# Gaussian Random Walks: The N-step Distribution

This past evening, my former quiz bowl teammate turned co-worker (not to mention long-time friend) Michael Whittaker tossed a number of math problems my way. One in particular caught my interest:

Say you’ve got a normal random variable with mean zero and variance one. Draw a sample from that distribution. Now take that point you’ve just sampled and spawn a unit-variance normal distribution centered around it; draw a sample from this distribution. Continue this process $N$ times for arbitrary $N$. What is the distribution of the $N$th sample?

Michael told me that he and his friends at Cornell thought up this problem during a lull in a dinner-time conversation. The solution is after the break. A hint: It’s either simpler than it appears or, if you’ve done a bit of math, just as simple as it appears.

* * *

There are at least two ways to tackle this problem: the scientist’s way and the mathematician’s way. We’ll take a look at both; as is often the case, the scientific method builds intuition, which the mathematical method then reifies.

The scientist’s way
When working with distributions, simulations can help you better understand the problem at hand. Even if you can’t determine the shape of the desired distribution from first principles, you can at least get a sense of what it should look like by sampling and plotting using your scientific programming language of choice (Julia’s mine). Like so:

Lo and behold: a normal distribution! The scientist or engineer might call it a day and stop here; that’d be fine. The distribution does, after all, look irrefutably normal. But if an image doesn’t quite satisfy you, if you want to know that it’s normal, then read on.

A wild normal appears! No, I don’t play Pokémon Go.

The mathematician’s way
A helpful step in approaching a math problem is to cast it in mathematical language. Here’s a natural way to do so:

Say that we have a sequence $X_1$, $X_2$, $\ldots$, $X_N$ of random variables, where $X_i \sim \mathcal N(X_{i-1}, 1)$, $X_1 \sim \mathcal N(0, 1)$. What is the distribution of $X_N$?

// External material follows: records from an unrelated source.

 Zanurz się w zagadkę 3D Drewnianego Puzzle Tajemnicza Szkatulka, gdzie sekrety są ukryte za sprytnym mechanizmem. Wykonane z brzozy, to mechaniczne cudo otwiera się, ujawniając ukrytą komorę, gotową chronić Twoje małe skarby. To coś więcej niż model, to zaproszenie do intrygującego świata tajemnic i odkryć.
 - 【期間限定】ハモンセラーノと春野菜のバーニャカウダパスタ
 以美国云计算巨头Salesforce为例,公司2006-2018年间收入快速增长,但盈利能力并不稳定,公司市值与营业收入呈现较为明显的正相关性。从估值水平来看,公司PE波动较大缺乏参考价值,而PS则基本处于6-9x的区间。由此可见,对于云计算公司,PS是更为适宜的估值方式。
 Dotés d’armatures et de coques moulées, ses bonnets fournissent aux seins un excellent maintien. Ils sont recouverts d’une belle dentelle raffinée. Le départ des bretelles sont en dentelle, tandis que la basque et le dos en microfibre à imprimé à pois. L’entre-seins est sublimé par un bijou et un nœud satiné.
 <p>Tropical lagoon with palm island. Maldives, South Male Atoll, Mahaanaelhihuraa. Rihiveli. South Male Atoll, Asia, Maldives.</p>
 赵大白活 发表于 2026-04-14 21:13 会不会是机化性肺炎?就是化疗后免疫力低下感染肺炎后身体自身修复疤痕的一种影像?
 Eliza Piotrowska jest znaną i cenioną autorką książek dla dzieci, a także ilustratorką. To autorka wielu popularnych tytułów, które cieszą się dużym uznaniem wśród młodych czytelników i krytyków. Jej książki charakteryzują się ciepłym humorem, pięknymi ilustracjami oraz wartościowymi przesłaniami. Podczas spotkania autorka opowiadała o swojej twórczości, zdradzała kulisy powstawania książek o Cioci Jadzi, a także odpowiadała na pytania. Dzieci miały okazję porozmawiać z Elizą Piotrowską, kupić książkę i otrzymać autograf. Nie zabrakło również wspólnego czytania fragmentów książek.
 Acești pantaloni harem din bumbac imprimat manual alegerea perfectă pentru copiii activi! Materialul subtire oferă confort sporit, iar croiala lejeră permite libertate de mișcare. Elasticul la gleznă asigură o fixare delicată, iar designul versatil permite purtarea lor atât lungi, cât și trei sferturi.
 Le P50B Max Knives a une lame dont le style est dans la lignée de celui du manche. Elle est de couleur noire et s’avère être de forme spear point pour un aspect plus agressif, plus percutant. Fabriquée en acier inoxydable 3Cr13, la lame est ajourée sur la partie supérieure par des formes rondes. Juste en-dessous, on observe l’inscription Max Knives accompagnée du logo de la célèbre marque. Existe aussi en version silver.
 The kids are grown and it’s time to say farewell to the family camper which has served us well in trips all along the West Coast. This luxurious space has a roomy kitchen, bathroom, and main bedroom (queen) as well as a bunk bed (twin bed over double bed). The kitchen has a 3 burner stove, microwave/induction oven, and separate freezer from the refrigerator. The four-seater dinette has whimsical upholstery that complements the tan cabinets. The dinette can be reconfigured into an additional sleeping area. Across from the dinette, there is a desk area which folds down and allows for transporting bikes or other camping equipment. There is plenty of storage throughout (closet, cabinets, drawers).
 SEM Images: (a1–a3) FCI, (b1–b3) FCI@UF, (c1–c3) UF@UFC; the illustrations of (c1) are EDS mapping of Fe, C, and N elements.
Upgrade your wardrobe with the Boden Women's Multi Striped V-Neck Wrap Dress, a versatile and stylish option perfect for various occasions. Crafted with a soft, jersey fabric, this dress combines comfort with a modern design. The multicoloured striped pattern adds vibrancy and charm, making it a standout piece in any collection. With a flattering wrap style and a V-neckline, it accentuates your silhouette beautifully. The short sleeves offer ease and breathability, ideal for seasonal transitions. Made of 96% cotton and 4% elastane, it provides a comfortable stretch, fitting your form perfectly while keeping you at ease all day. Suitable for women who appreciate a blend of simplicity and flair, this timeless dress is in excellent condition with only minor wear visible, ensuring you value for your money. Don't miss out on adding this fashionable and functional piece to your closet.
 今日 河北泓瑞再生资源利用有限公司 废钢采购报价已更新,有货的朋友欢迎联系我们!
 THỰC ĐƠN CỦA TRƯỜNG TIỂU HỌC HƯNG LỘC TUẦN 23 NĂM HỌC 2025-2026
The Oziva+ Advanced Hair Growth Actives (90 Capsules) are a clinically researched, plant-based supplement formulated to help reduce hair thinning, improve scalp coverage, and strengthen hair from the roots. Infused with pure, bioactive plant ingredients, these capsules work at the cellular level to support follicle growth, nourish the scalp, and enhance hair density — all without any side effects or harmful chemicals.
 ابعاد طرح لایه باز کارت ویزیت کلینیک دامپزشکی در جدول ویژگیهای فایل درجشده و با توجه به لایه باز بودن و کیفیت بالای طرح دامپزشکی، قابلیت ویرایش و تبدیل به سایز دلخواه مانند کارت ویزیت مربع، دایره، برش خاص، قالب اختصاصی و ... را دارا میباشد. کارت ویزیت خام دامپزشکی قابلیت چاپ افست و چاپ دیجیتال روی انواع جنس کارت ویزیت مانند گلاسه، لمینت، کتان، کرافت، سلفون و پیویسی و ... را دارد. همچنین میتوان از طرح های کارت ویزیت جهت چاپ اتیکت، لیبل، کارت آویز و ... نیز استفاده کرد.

Writing the problem in this form makes it clear that each $X_i$ depends only on the sample drawn directly before it (we say that the process obeys the Markov property ). A wonderful pattern emerges upon closer inspection: $X_i \sim \mathcal N(X_{i-1}, \sigma^2) = X_{i-1} + \mathcal N(0, \sigma^2)$. Unrolling the recursion, we get that $X_N \sim \sum_{i=1}^{N} Y_i$, where the $Y_i$ are i.i.d. zero-mean normal distributions with variance $\sigma^2$. We conclude that $X_N \sim \mathcal N(0, N\sigma^2)$. $\square$

In Julia, the second parameter of the Normal function is the standard deviation of the distribution, not the variance.

Endnotes
[1] The process described in this problem is a Gaussian random walk, a type of Markov process with applications to stock prices.
[2] I’ve uploaded my IPython notebook to Github for reproducibility.